About this task — Copy out each record that follows exactly, and omit any picture you find.

[Records drawn from a dataset]
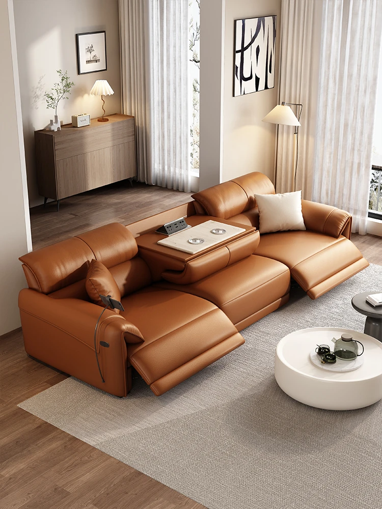 高級本革電動ソファベッド、リビングに最適なスリーピース!壁にぴったりフィットし、伸縮自在で二つの機能を兼ね備え、リラックスした寝心地を実現。新しいスタイルで、あなたの空間を華やかに彩ります!
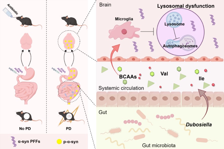 申延琴教授《Brain Behavior and Immunity》发表了题为“Gut microbiota promote the propagation of pathologic α-syn from gut to brain in gut-originated Parkinson's disease model of mice”的研究性论文。肠道菌群和α-syn传播被证实是帕金森病发展的关键因素,虽然肠道是α-syn病理的起源之一,但肠道菌群如何调控肠起源α-syn病理发展并不明确。该研究首次揭示了肠道菌群在肠起源帕金森病中的动态变化规律,首次证实肠道菌群(尤其是Dubosiella)是推动α-syn病理从肠到脑传播的关键因素,其通过BCAA代谢紊乱导致溶酶体功能障碍,最终加剧α-syn聚集。这一发现为PD的早期干预提供了新靶点:调控肠道菌群或靶向BCAA代谢可能成为延缓PD进展的有效策略。
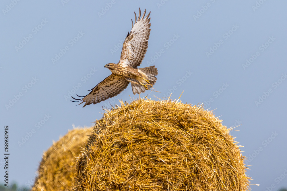 A common buzzard watching prey from a straw bale
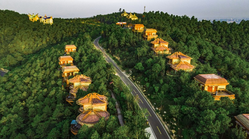 彷佛是《霍比特人》里精灵王国降临中土,在太湖湾嬉戏谷旁幽静的山脉上,极具异域风情和童话色彩的云中部落度假村就隐藏在这里。整个度假村独据一座山峰,百亩林地仅建造30套独具特色的树屋别墅,分别在海拔50-128米的向阳山坡,风格奇幻,造型各异,远望去宛如海市蜃楼般的云中秘境。
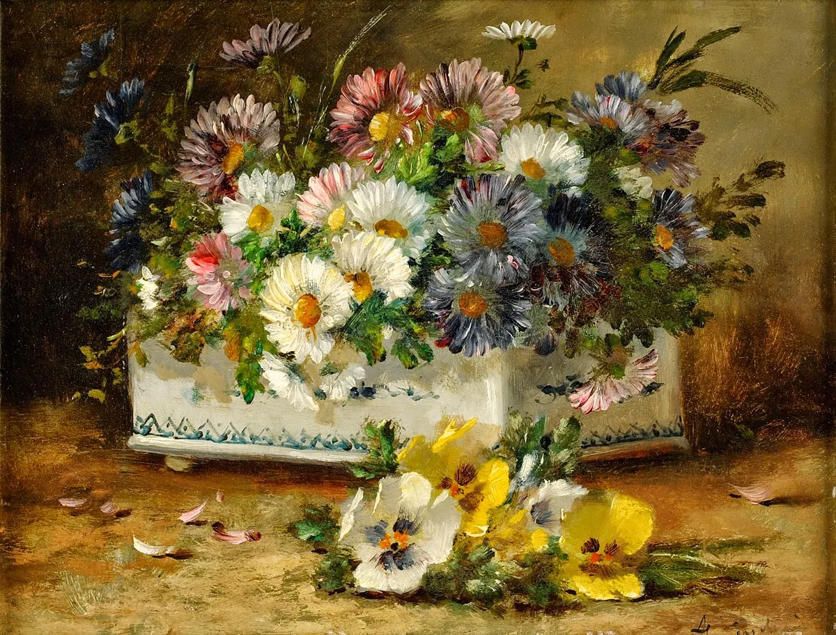 Cauchois received several commissions for these larger works and was commissioned by the School of the 7th district to paint four decorative panels representing the flowers of the four seasons.
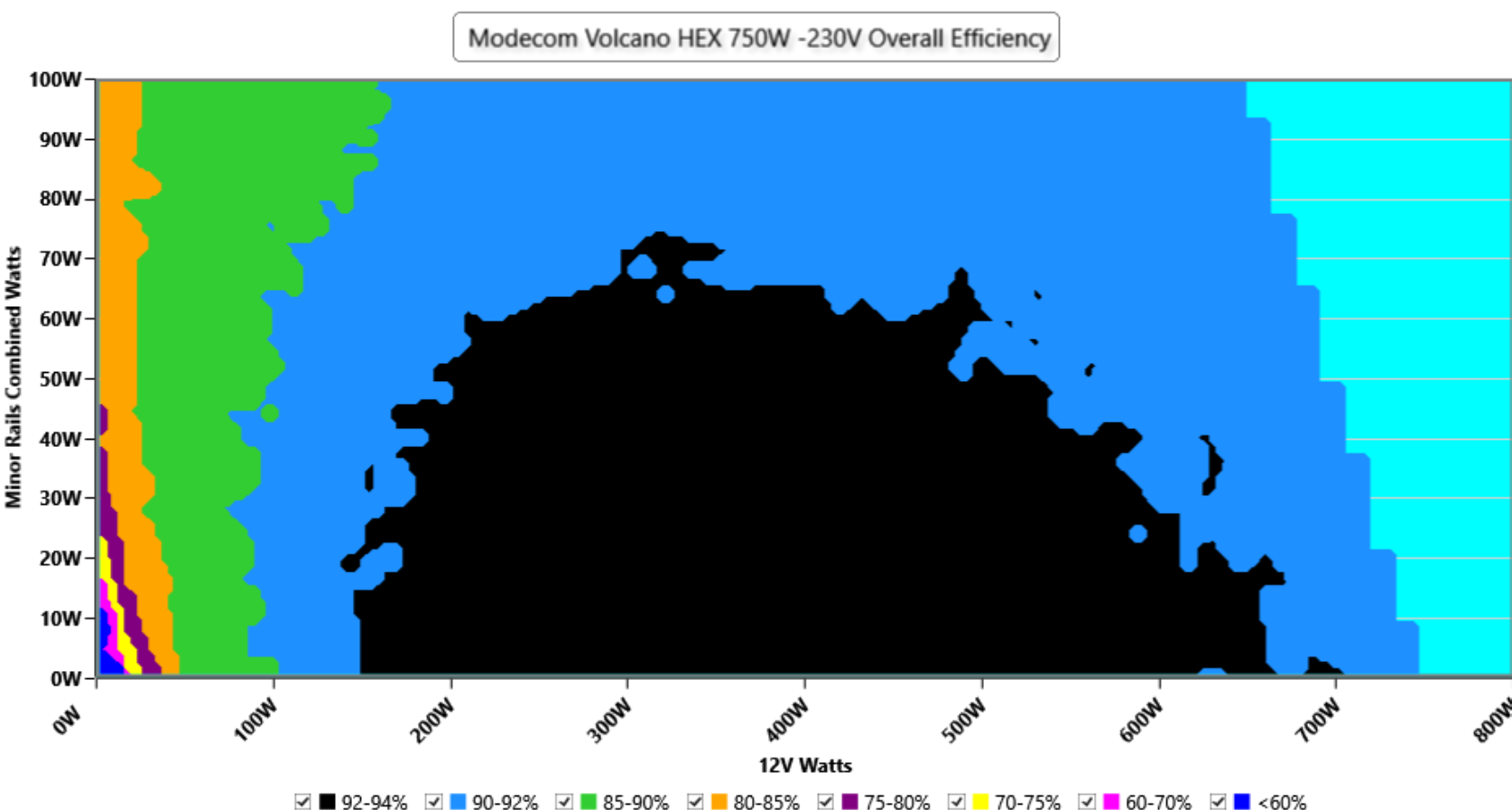 Modecom Volcano Hex 750W nie tylko spełnił oczekiwania w testach laboratoryjnych, ale również reprezentuje bardzo solidną propozycję wśród zasilaczy modularnych klasy 750 Wat dostępnych w przedziale cenowym do ~450 zł.

Answer space —
 高級本革電動ソファベッド、リビングに最適なスリーピース!壁にぴったりフィットし、伸縮自在で二つの機能を兼ね備え、リラックスした寝心地を実現。新しいスタイルで、あなたの空間を華やかに彩ります!
 申延琴教授《Brain Behavior and Immunity》发表了题为“Gut microbiota promote the propagation of pathologic α-syn from gut to brain in gut-originated Parkinson's disease model of mice”的研究性论文。肠道菌群和α-syn传播被证实是帕金森病发展的关键因素,虽然肠道是α-syn病理的起源之一,但肠道菌群如何调控肠起源α-syn病理发展并不明确。该研究首次揭示了肠道菌群在肠起源帕金森病中的动态变化规律,首次证实肠道菌群(尤其是Dubosiella)是推动α-syn病理从肠到脑传播的关键因素,其通过BCAA代谢紊乱导致溶酶体功能障碍,最终加剧α-syn聚集。这一发现为PD的早期干预提供了新靶点:调控肠道菌群或靶向BCAA代谢可能成为延缓PD进展的有效策略。
 A common buzzard watching prey from a straw bale
 彷佛是《霍比特人》里精灵王国降临中土,在太湖湾嬉戏谷旁幽静的山脉上,极具异域风情和童话色彩的云中部落度假村就隐藏在这里。整个度假村独据一座山峰,百亩林地仅建造30套独具特色的树屋别墅,分别在海拔50-128米的向阳山坡,风格奇幻,造型各异,远望去宛如海市蜃楼般的云中秘境。
 Cauchois received several commissions for these larger works and was commissioned by the School of the 7th district to paint four decorative panels representing the flowers of the four seasons.
 Modecom Volcano Hex 750W nie tylko spełnił oczekiwania w testach laboratoryjnych, ale również reprezentuje bardzo solidną propozycję wśród zasilaczy modularnych klasy 750 Wat dostępnych w przedziale cenowym do ~450 zł.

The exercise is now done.